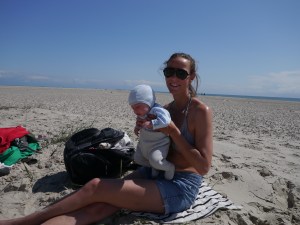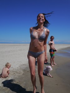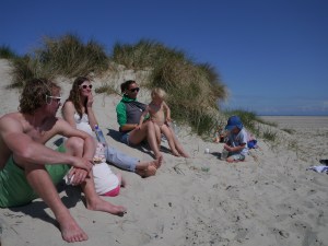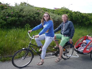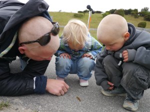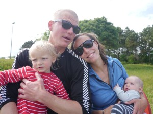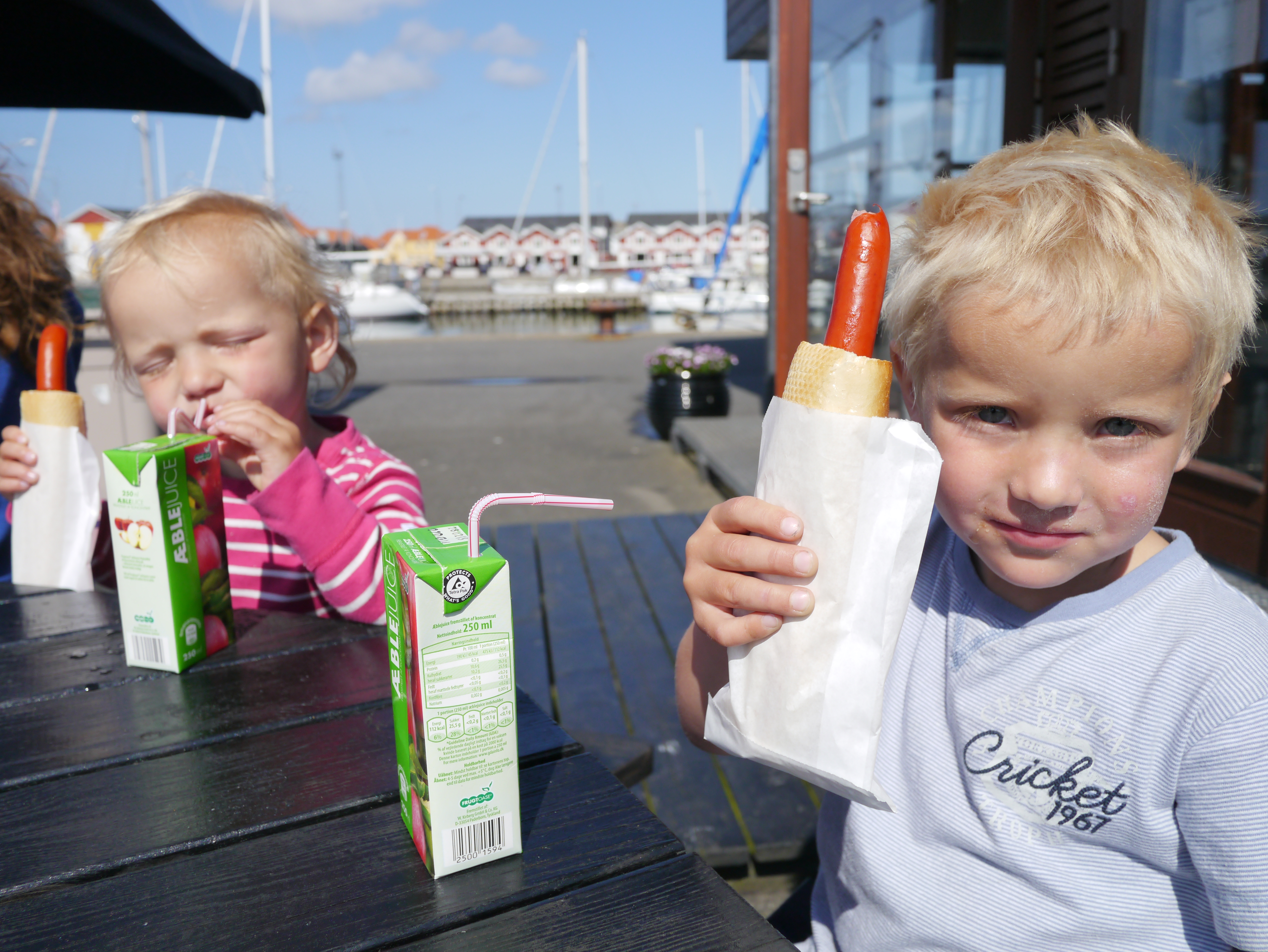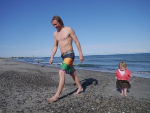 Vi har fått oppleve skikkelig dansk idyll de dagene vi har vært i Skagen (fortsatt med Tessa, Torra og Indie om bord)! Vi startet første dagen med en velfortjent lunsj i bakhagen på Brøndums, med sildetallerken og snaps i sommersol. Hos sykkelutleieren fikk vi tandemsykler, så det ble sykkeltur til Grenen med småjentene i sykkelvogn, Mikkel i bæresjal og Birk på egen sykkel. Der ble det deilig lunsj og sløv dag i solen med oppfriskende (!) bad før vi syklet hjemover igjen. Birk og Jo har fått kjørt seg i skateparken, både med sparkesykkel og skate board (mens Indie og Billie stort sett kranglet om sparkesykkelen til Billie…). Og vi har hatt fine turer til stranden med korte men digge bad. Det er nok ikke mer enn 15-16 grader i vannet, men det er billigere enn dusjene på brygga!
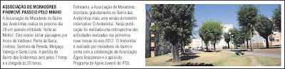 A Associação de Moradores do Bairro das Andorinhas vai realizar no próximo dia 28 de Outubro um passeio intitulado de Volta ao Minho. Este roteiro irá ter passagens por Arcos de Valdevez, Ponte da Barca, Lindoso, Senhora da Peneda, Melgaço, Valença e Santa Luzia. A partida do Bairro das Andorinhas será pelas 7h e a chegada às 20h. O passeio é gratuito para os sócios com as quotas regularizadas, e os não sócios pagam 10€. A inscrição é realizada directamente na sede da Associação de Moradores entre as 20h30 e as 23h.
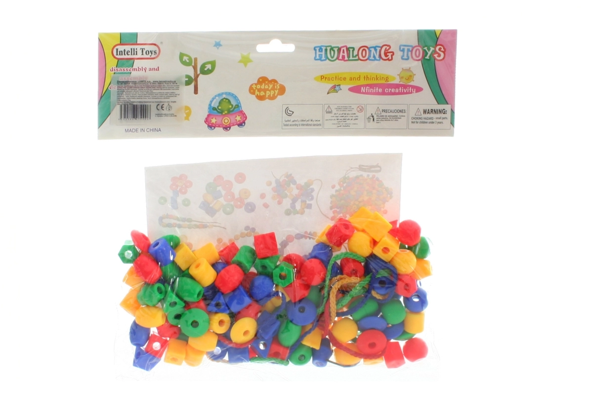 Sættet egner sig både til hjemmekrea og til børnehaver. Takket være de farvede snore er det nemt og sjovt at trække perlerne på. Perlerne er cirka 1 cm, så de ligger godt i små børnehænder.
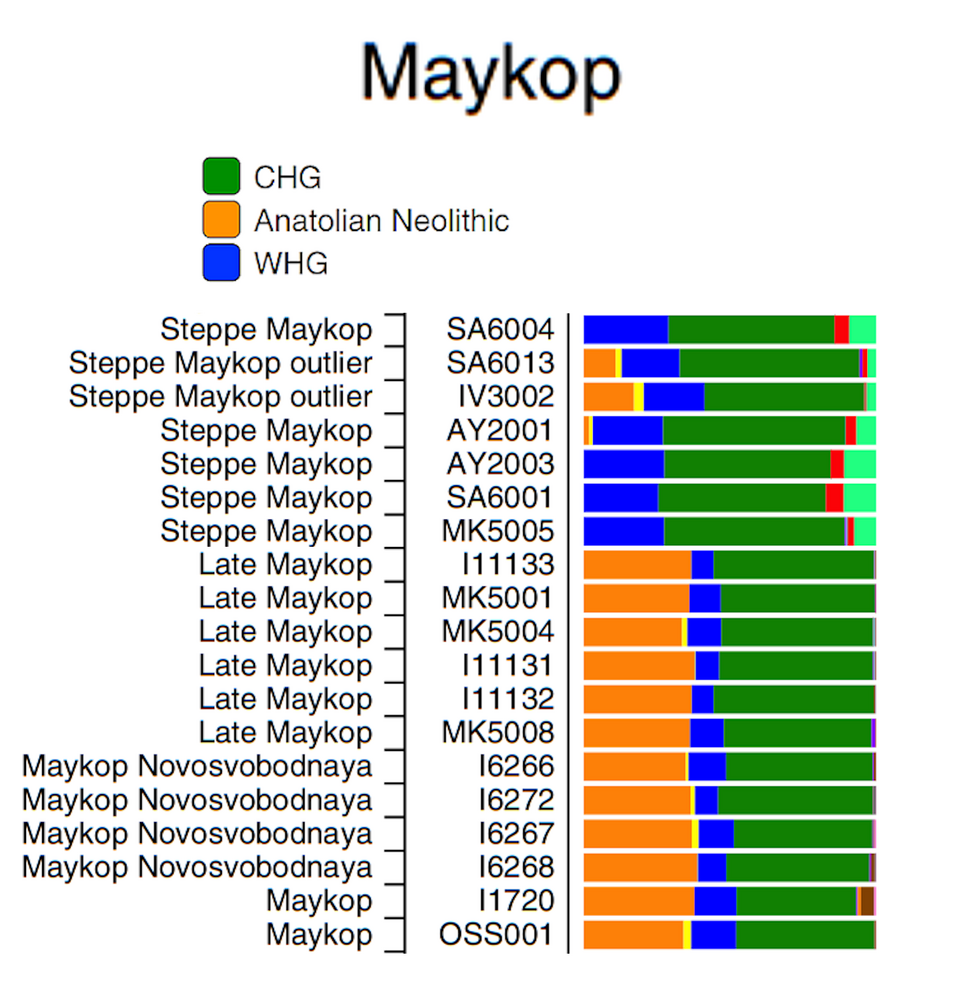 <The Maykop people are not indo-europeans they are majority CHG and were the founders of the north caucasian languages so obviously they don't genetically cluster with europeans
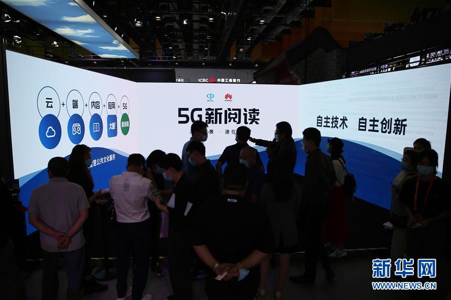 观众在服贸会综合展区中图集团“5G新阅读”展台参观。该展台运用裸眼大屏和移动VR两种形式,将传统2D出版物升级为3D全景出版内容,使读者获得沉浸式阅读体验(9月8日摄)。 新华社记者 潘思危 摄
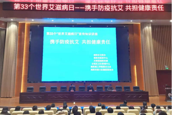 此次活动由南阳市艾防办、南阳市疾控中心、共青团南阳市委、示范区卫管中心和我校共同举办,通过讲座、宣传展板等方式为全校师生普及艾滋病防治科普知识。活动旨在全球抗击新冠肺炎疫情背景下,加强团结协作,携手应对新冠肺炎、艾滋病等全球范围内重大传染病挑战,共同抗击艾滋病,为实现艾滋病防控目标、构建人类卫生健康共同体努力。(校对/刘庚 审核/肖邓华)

········

• **Exercise details**
Beginning at the line that contains "<The Maykop people", transcribe it and every later line through the last line of the data above, exactly, and drop the pictures.

• **Solution for this task**
 <The Maykop people are not indo-europeans they are majority CHG and were the founders of the north caucasian languages so obviously they don't genetically cluster with europeans
 观众在服贸会综合展区中图集团“5G新阅读”展台参观。该展台运用裸眼大屏和移动VR两种形式,将传统2D出版物升级为3D全景出版内容,使读者获得沉浸式阅读体验(9月8日摄)。 新华社记者 潘思危 摄
 此次活动由南阳市艾防办、南阳市疾控中心、共青团南阳市委、示范区卫管中心和我校共同举办,通过讲座、宣传展板等方式为全校师生普及艾滋病防治科普知识。活动旨在全球抗击新冠肺炎疫情背景下,加强团结协作,携手应对新冠肺炎、艾滋病等全球范围内重大传染病挑战,共同抗击艾滋病,为实现艾滋病防控目标、构建人类卫生健康共同体努力。(校对/刘庚 审核/肖邓华)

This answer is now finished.